EXERCISE GOAL: All that is needed is the first stretch of the listing below, repeated exactly and ending with the line that contains "今日は、学年ごとに運動会で使". Pictures are to be left out.

DATASET CONTENT:
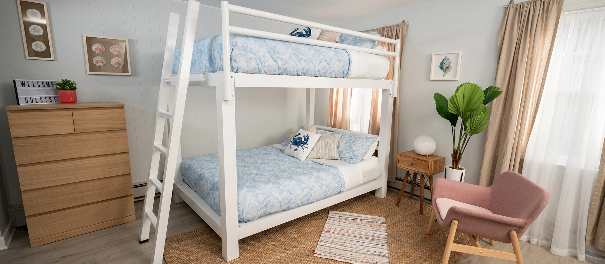 Using a bunk bed in your vacation home, short-term rental, or Airbnb is similar to putting one in your guest room. The premise is basically the same: Comfortably sleep multiple people in one room without wasting floor space.
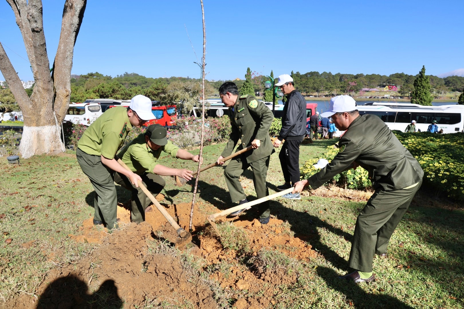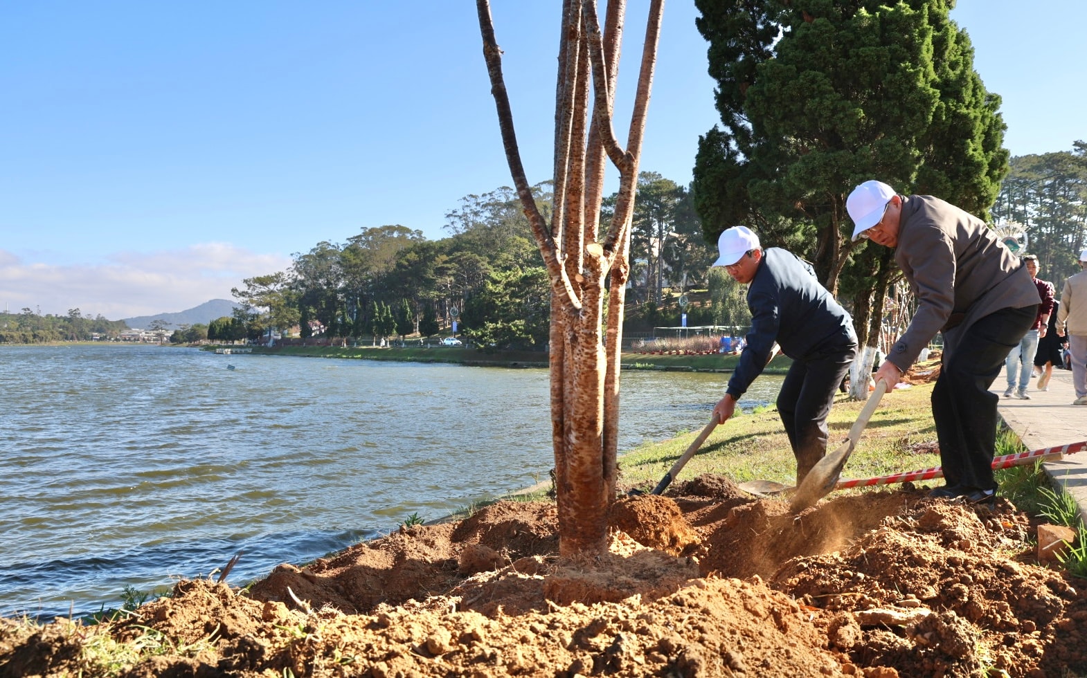 Ngay sau lễ phát động, các đồng chí lãnh đạo tỉnh và đại biểu cùng nhân dân đã tham gia trồng cây xanh, đồng thời ra quân dọn dẹp vệ sinh môi trường, thu gom rác thải tại khu vực Quảng trường Lâm Viên, Hồ Xuân Hương và các tuyến đường lân cận.
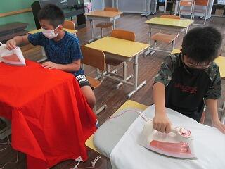 今日は、学年ごとに運動会で使った道具の片付けを行いました。団旗にアイロンをかけたり、用具を運んだり、花飾りを取り外したりしました。
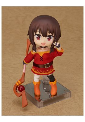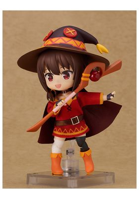 Good Smile Company presenta, dentro de la colección Nendoroid Doll, la figura de Megumin. Tiene una altura de 10 cm y está basada en el personaje del anime "Kono Subarashii Sekai Ni Syukufuku Wo! 3". Incluye 1x gorro, 1x bastón, 1x gargantilla, 1x capa, 1x vestido, 1x par de botas con imanes en las suelas, 1x ropa interior, manos intercambiables, 1x soporte articulado y 1x base magnética para las botas con imanes.

RESPONSE BOX:
 Using a bunk bed in your vacation home, short-term rental, or Airbnb is similar to putting one in your guest room. The premise is basically the same: Comfortably sleep multiple people in one room without wasting floor space.
 Ngay sau lễ phát động, các đồng chí lãnh đạo tỉnh và đại biểu cùng nhân dân đã tham gia trồng cây xanh, đồng thời ra quân dọn dẹp vệ sinh môi trường, thu gom rác thải tại khu vực Quảng trường Lâm Viên, Hồ Xuân Hương và các tuyến đường lân cận.
 今日は、学年ごとに運動会で使った道具の片付けを行いました。団旗にアイロンをかけたり、用具を運んだり、花飾りを取り外したりしました。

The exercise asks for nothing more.